L’amendement dont nous discutons prévoit un rapport pour évaluer le dispositif existant. M. le rapporteur dit que c’est un dispositif dont on est fier et que les élus locaux aiment, même s’il y a quelques difficultés. Mais l’on a compris au cours du débat que, au nom d’un certain nombre de principes politiques qui se mélangent à la liberté des collectivités locales, un élu pourra aller jusqu’à décider qu’il ne fait rien parce qu’il a d’autres urgences. Ça devient donc un dispositif conjoncturel.

Plusieurs débats se mélangent.

Comme M. Leleux sur cette question précise, j’estime que, avant de demander un nouveau rapport, il faudrait déjà que les rapports prévus par diverses lois et votés par nous chaque fois qu’une question n’est pas réglée nous aient été remis. Quand on fait l’évaluation de ces rapports, ce qu’il m’est arrivé de faire comme président de la commission sénatoriale pour le contrôle de l’application des lois, on se rend en effet compte que pas la moitié si ce n’est le tiers d’entre eux ont été effectivement produits. Pourquoi ? Parce que, sauf à embaucher un nombre invraisemblable d’experts et de rapporteurs, c’est impossible !
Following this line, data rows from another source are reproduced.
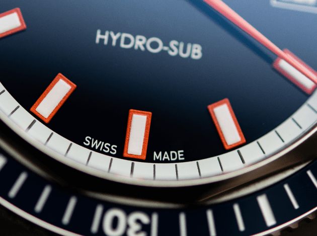 El diseño del Hydro-Sub Automatic Chronometer Limited Edition es limpio y práctico, se centra en lo esencial y descartando lo innecesario. El brazalete de acero sólido hace eco del brazalete original de Hydro-Sub. Incluso esto se ha mejorado, los eslabones con acabado satinado mate se alinean con mayor precisión y con un acabado más suave, asegurando un ajuste perfecto en la muñeca. Dos pulsadores liberan fácilmente la hebilla.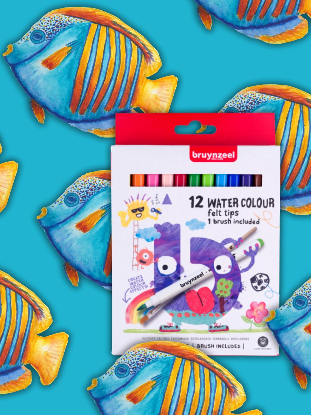 • This set includes 12 vibrant, water-soluble felt tip pens and a brush to create stunning watercolour effects.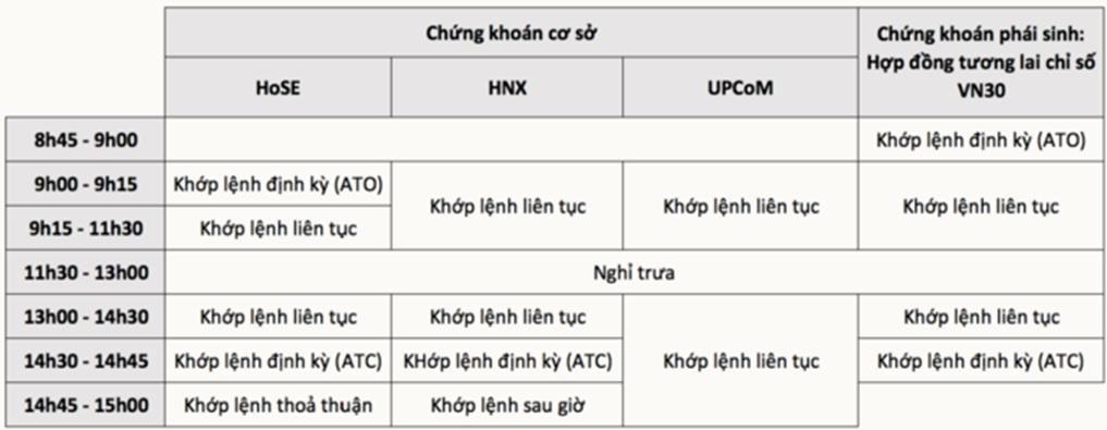 UPCoM chỉ có phương thức khớp lệnh định kỳ suốt phiên từ 9h đến 15h, trừ giờ nghỉ trưa.

Au début, je me demandais : pourquoi prévoir un rapport ? Mais, après ce débat où je vois que le dispositif est contesté et que des élus d’importantes collectivités locales dénoncent un problème de fonctionnement, moi qui veux que l’on conforte cette politique qui existe depuis longtemps et qui n’avait jamais été remise en cause, j’estime qu’une clarification est nécessaire. Je suis donc favorable à un rapport, car il me paraît utile qu’il y ait une évaluation et que chacun puisse juger sur pièces.

Mme la présidente. La parole est à Mme Christine Prunaud, pour explication de vote.

Mme Christine Prunaud. Je crois nécessaire de rappeler les propos que j’ai tenus au sujet du 1 % travaux publics.

J’ai dit mot à mot que nous étions opposés à l’élargissement de l’assiette, c’est-à-dire à l’ouverture du 1 % artistique aux travaux publics – le fameux « 1 % goudron » –, car, au nom du principe de réalité, nous ne pensons pas que les collectivités puissent dédier une somme suffisante chaque fois qu’elles font de l’aménagement de fonctionnement sur leur territoire.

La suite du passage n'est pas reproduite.